Factoring is a clever alternative to bank loans that combines working capital financing, credit protection and outsourced collection services. And it could soon be available to businesses in Cambodia.
Cambodian exporters often find themselves in a difficult situation: an international buyer has placed a large order for their product but it could be weeks or months until they receive payment, if at all. In the meantime, the exporter needs cash to pay fixed operating costs such as keeping the factory running and remunerating staff.
Late and unpaid invoices can be a real drag on a company’s cash flow. Fortunately, international trade finance has evolved and offers a solution that accelerates cash flow by unlocking the value of a company’s accounts receivables.
Factoring is the process by which a business sells its accounts receivable to a third-party financial institution known as a factor in exchange for immediate cash.
The factor typically provides about 80 to 90 percent of the value of these unpaid invoices upfront, often within days. It then pays the balance of the invoice – minus fees – to the company once it collects payment from the customer.
The arrangement is often made without recourse, which means the factor assumes all risk on collecting payment from the foreign buyer, and must absorb the loss if the buyer fails to pay.
Factoring has been around for centuries, but its use in international trade has surged in recent decades as cross-border trade has increasingly been conducted on open account terms – where goods are shipped and delivered before payment is due, which is usually another 30 to 90 days.
“Importers overseas are asking for open account terms,” said Lee Kheng Leong, Asia Chapter director of FCI, an umbrella organisation for private factoring companies worldwide. “However, exporters are not prepared to sell on open accounts because of the risks.”
He explained that while open account transactions are advantageous for the buyer, they carry a lot of negatives for the seller. Among these is the possibility that overseas buyers will delay payment on the consignment or be unable to pay due to financial difficulties. Moreover, granting credit to buyers for up to 90 days ties up working capital resources. It can also be a challenge to collect payments from another country, often in a foreign language.
Factors make their profits on the invoice discount – the difference between the face value of the invoice and the amount they pay to the exporter. The discount includes interest on the advance and other costs connected with the management and collection of the assigned accounts receivable – which according to Leong, works out to about the same cost as a bank business loan or line of credit.
“The financing cost of factoring is similar to bank borrowing,” he said. “However, there is a service fee of 0.75 percent to 1 percent of the invoice value, which is for the credit protection and collection service.”

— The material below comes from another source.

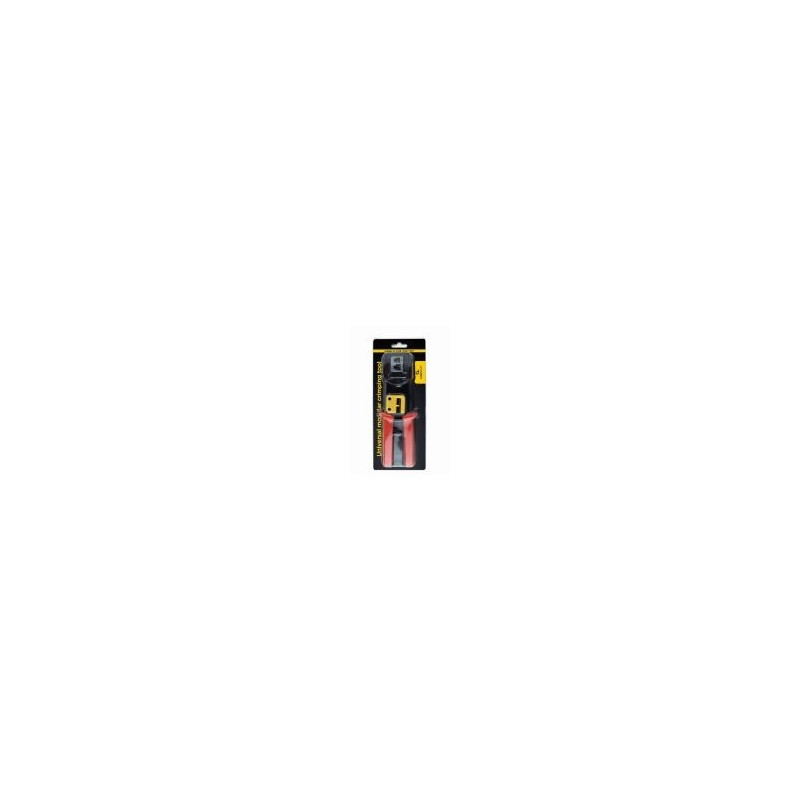 Herramienta de prensa modular universal con función de corte Engarza y corta cables extendidos en un solo movimiento Compatible con la mayoría de los conectores de paso modulares También es adecuado para todos los enchufes modulares estándar 8P8C, 6P6C, 6P4C Cortador y pelador integrados para cable plano y redondo. Especificaciones Materiales: ABS + acero al carbono Enchufes de crimpado: 8P8C / RJ-45, 6P6C / RJ-12, 6P4C / RJ-11 Compatible con: conectores de paso LC-PTU-XX y LC-PT-XX Dimensiones: 195 x 53 x 15 mm Peso neto: 360 g https://www.gembird.com/item.aspx?id=11358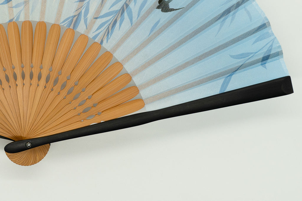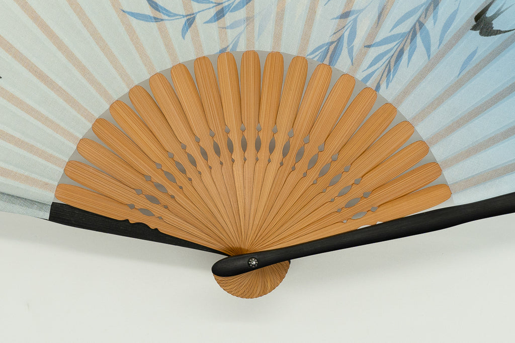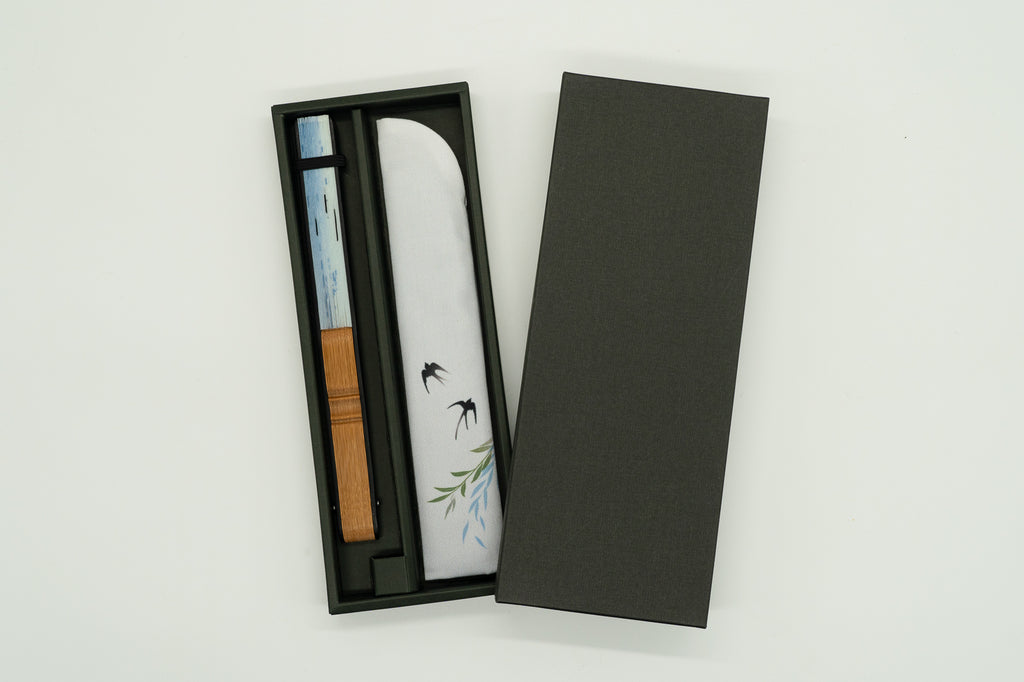 The accompanying fan case is also adorned with swallows, offering a refreshing feel for everyday use.

According to FCI estimates, total factoring volume worldwide exceeded $2.5 trillion in 2016. That equates to about 15 percent of global trade.

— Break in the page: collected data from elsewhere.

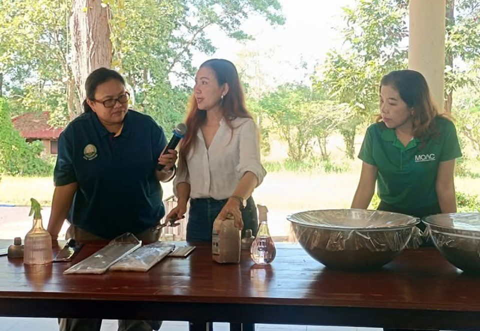 ดร.สุรีย์พร บัวอาจ นักวิชาการโรคพืชชำนาญการพิเศษ สำนักวิจัยพัฒนาการอารักขาพืช ให้ข้อมูลว่า โรครากเน่าและโคนเน่าในทุเรียน มีสาเหตุมาจากเชื้อราไฟทอปธอร่า (Phytophthora palmivora) ซึ่งสามารถแพร่กระจายในดินและเข้าทำลายราก ตลอดจนลำต้นของต้นทุเรียน ทำให้ต้นอ่อนแอ ใบเหลือง ร่วง และอาจถึงขั้นยืนต้นตายหากไม่ได้รับการป้องกันอย่างเหมาะสม โรคนี้นับเป็นปัญหาสำคัญที่ส่งผลกระทบต่อการผลิตทุเรียนอย่างรุนแรง สร้างความเสียหายเป็นวงกว้าง ทั้งในแง่ของผลผลิตและรายได้ของเกษตรกร ในขณะที่เทคโนโลยีการใช้เห็ดเรืองแสงสิรินรัศมี ได้รับการยอมรับอย่างกว้างขวางจากทั้งนักวิชาการและเกษตรกร เนื่องจากมีขั้นตอนการผลิตที่ง่าย ไม่ซับซ้อน และสามารถนำไปใช้ทดแทนสารเคมีได้อย่างมีประสิทธิภาพ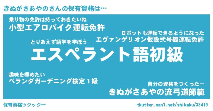 | 伝説のあだ名 | 『伝説のスナイパーきぬがさあやの』 |
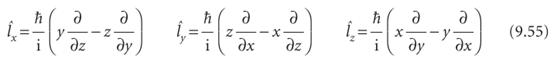 Throughout the preceding discussion, we have referred to the z-component of angular momentum (the component about an arbitrary axis, which is conventionally denotedz), and have made no reference to the x- and y-components (the components about the two axes perpendicular to z). The reason for this omission is found by examining the operators for the three components, each one being given by a term like that in eqn 9.45:
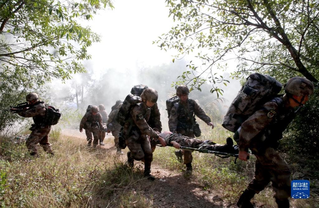 在“西部·聯(lián)合-2021”演習第一次實兵實裝實彈合練中,野戰(zhàn)救護力量為聯(lián)合任務部隊提供保障(2021年8月5日攝)。新華社記者劉芳攝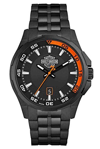 -. Feature : Harley-Davidson Watches / Black dial with orange quarter-turn detail / Bar & Shield® logo at 12 o'clock, the day calendar at the 6-hour marker / Signature H-D® counterweight / Double-press fold-over clasp and safety lock.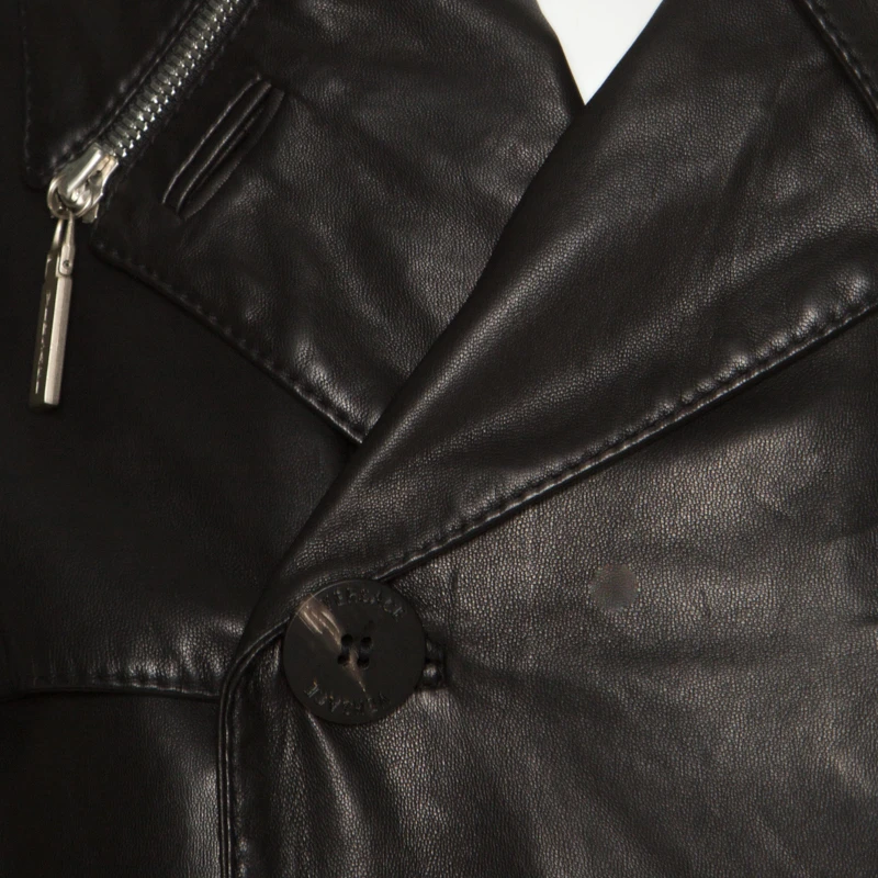 This gorgeous Gianni Versace Couture overcoat, made from leather, will make others nod in admiration. It comes in a double-breasted design accompanied by zippers and a belt for added shape. In terms of both tailoring and design, this coat is a marvel.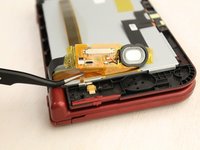 Use tweezers to flip up the small, hinged locking flap in order to unlock the ZIF connector securing the Circle Pad ribbon.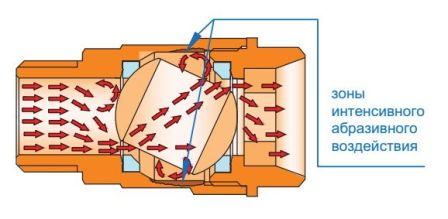 Результатом может быть выход шарового крана из строя значительно раньше расчетного срока эксплуатации.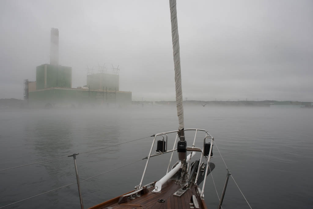 After a night at sea and close to 160 miles in heavy fog we neared the Cape Cod Canal but could see little of it through the mist. Thanks to RADAR and GPS we found our way and steered clear of invisible ships as little as half a mile away.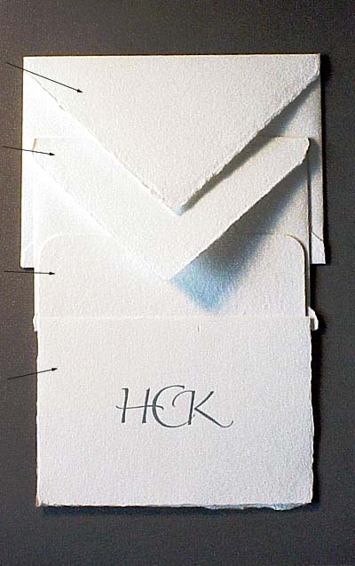 | Small Folded Invitation with Natural Deckled Edge (Item #9) (Makes a great thank you card) This Custom Monogram by Calligrapher Suzanne Moore was printed letterpress in Grey Blue Ink #5483. |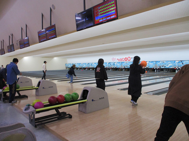 ストライクが出たレーンは大盛り上がりで、ハイタッチ✋✋????
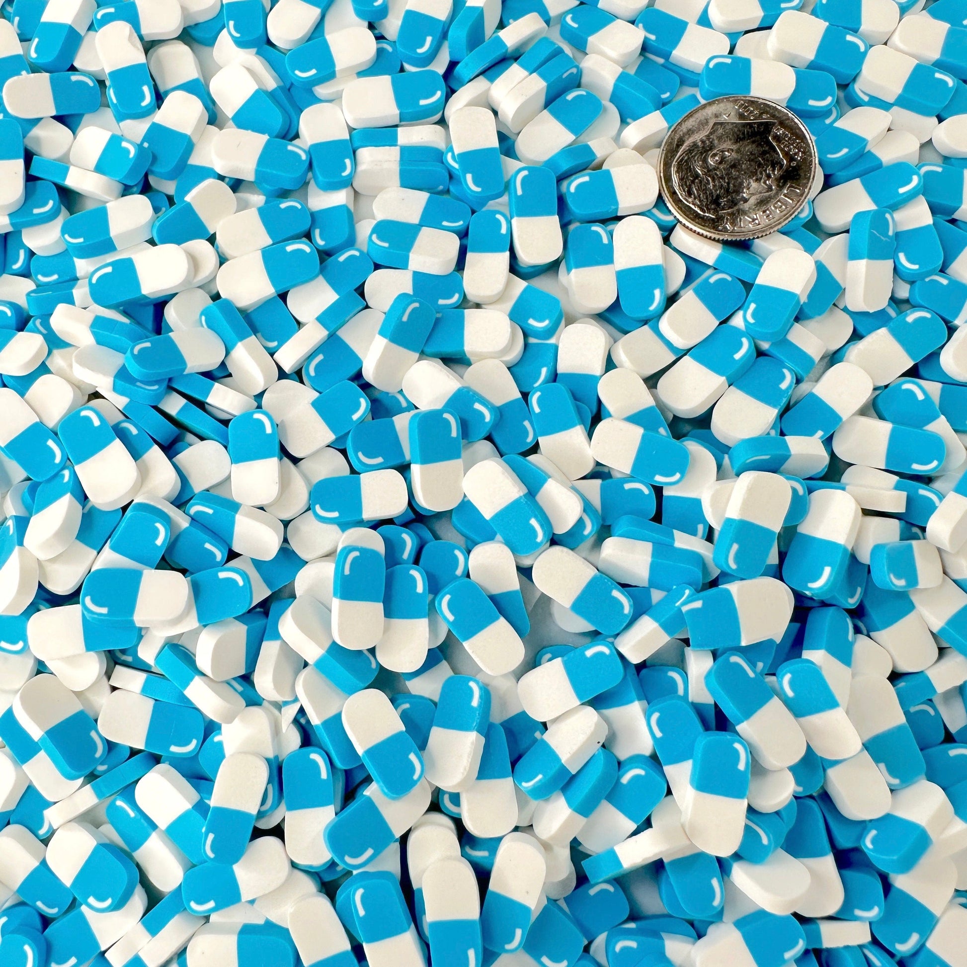 FAKE 5MM/10MM Pastel Blue Pill, Medical Polymer Clay Sprinkle (NOT EDIBLE)

Despite this, the concept of factoring is relatively new in Cambodia and few companies have even heard of it. But efforts are under way to introduce the trade-based finance tool, which could be available by the end of the year.
In February, FCI and the International Finance Corporation (IFC) jointly organised a conference in Phnom Penh to share international expertise on factoring and help local lending institutions and relevant industry players build networks. A two-day workshop that preceded the event provided training on the operational and technical aspects of factoring for frontline and mid-level staff.
According to Peter Mulroy, secretary general of FCI, Canadia Bank is currently the umbrella organisation’s only member here, having joined last year. However, Acleda Bank has expressed interest in joining, as well as ABA Bank, a local subsidiary of the National Bank of Canada – a longstanding provider of factoring services.
Ung Sam Ol, head of Acleda Bank’s trade finance division, said his bank is looking to offer both domestic and international factoring services to local businesses. He said Cambodian companies, particularly producers of garments and agricultural goods, stand to benefit.
“Factoring can result in savings to management as well as providing an extra source of finance,” he said. “It is particularly well suited to exporters on open accounts, or those who want to expand their volume of trade by selling more on open accounts.”
Sam Ol noted that exporters can significantly reduce their overhead costs and management time by relying on the factor’s overseas network and credit reference system, leaving the factor to collect invoices and chase down delinquent payments.
“Debtors tend to settle more quickly because the factor is more efficient at collecting the debt,” he added.